In the boardroom, Rebecca defends her buddy Toral even though she struggled with the simple menu program of the high definition televsion during the challenge. Toral then proceeds to tell the boss and his flunkies that the other girls are barely capable of being her secretary in the real world. Trump basically says to Rebecca, please bring Toral back so that I can send her sorry ass home in a sling. It is so obvious that Toral is a tumor within the women’s team that the American Cancer Society has started a walk for people who have come into contact with her.
Unfortunately, Rebecca finds a place to rest her ailing foot when she stupidly tells Trump that she does not think any of the women has a chance of winning this competition. Therefore, Rebecca says that she wants to keep her integrity intact and instead of leaving Toral on the chopping block she decides to bring back Jennifer W and Jennifer M. Jennifer W was an obvious failure, but why did she bring back Jennifer M? She wouldn’t carry the lame Rebecca around on her back like Toral did for a few days.

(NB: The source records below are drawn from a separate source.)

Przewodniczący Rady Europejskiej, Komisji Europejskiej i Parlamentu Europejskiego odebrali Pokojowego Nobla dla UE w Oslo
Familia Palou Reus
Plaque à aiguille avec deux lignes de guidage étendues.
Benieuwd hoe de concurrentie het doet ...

Rebecca sticks her own neck in a noose so that all of America can see what a good person she is. Becky, sweetie, no one gives a flying rat’s ass what kind of person you are. We tune in to these shows to see people make spectacles of themselves. If we wanted to see integrity, we would watch…well, we would turn on… does anyone know where one might go for some integrity? In any case, we’re not watching a show featuring Donald Trump if we care about integrity.

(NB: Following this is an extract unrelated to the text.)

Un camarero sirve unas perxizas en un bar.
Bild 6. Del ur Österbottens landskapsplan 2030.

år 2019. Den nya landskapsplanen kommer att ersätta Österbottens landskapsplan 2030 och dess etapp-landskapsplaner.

So, Toral is safe and Trump mockingly tells her to enjoy her high-rent view while her friend goes to the mat for her. Shouldn’t be too hard -- all you have to do is kick out her crutches. Anyway, Jennifer W. pitches a fit that she is in trouble for the part she played in the women’s failure. She actually wails and punches her pillow. It is not fun to listen to or watch. If this were a Disney movie featuring Hillary Duff it would be okay. But in a reality TV contest, whiners go home. And so Rebecca and the fabulous Jennifer duo go back to the boardroom. Trump rails against his inability to fire Toral (Martha would have drug her back in regardless) but he tells Rebecca that he appreciates her loyalty. The failure of the task is laid on Jennifer W and she is fired.